Task prompt
No pictures belong in the result; set down exactly the lines from the one containing "Le document discute" through the final line of the listing, and nothing more.

Given information
▽
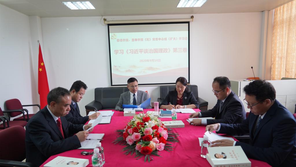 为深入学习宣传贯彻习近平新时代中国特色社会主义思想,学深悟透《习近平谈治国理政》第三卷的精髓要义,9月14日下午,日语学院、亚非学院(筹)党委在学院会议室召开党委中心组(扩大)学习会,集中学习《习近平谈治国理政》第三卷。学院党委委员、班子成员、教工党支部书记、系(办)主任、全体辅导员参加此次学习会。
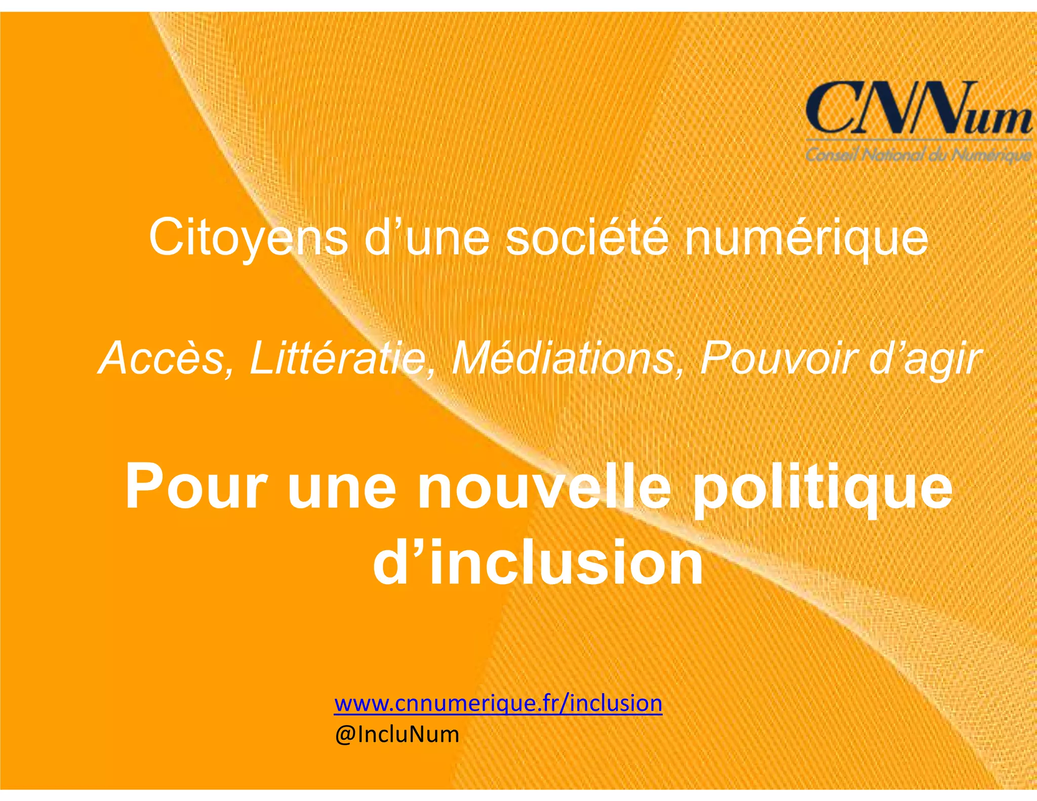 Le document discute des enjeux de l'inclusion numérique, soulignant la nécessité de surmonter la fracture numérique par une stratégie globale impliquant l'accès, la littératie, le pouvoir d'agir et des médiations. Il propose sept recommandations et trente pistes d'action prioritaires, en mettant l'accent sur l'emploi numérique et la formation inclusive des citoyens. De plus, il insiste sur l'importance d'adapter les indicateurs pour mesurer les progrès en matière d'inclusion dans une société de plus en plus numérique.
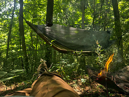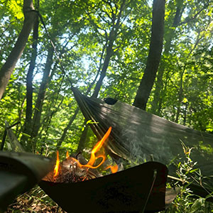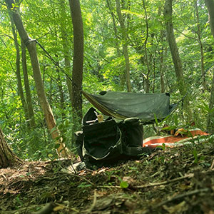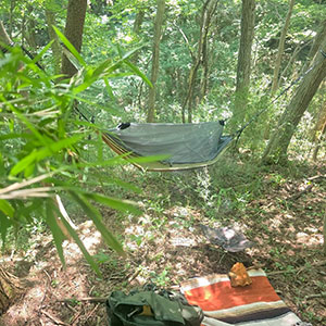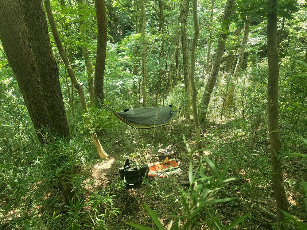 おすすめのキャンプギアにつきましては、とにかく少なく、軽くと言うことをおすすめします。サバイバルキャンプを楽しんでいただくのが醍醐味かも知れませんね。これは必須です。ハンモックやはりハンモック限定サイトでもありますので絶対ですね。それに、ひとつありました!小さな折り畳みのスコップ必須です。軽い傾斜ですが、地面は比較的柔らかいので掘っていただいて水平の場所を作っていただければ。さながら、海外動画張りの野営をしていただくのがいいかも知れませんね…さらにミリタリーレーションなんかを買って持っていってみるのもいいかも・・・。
△
Result of the exercise
 Le document discute des enjeux de l'inclusion numérique, soulignant la nécessité de surmonter la fracture numérique par une stratégie globale impliquant l'accès, la littératie, le pouvoir d'agir et des médiations. Il propose sept recommandations et trente pistes d'action prioritaires, en mettant l'accent sur l'emploi numérique et la formation inclusive des citoyens. De plus, il insiste sur l'importance d'adapter les indicateurs pour mesurer les progrès en matière d'inclusion dans une société de plus en plus numérique.
 おすすめのキャンプギアにつきましては、とにかく少なく、軽くと言うことをおすすめします。サバイバルキャンプを楽しんでいただくのが醍醐味かも知れませんね。これは必須です。ハンモックやはりハンモック限定サイトでもありますので絶対ですね。それに、ひとつありました!小さな折り畳みのスコップ必須です。軽い傾斜ですが、地面は比較的柔らかいので掘っていただいて水平の場所を作っていただければ。さながら、海外動画張りの野営をしていただくのがいいかも知れませんね…さらにミリタリーレーションなんかを買って持っていってみるのもいいかも・・・。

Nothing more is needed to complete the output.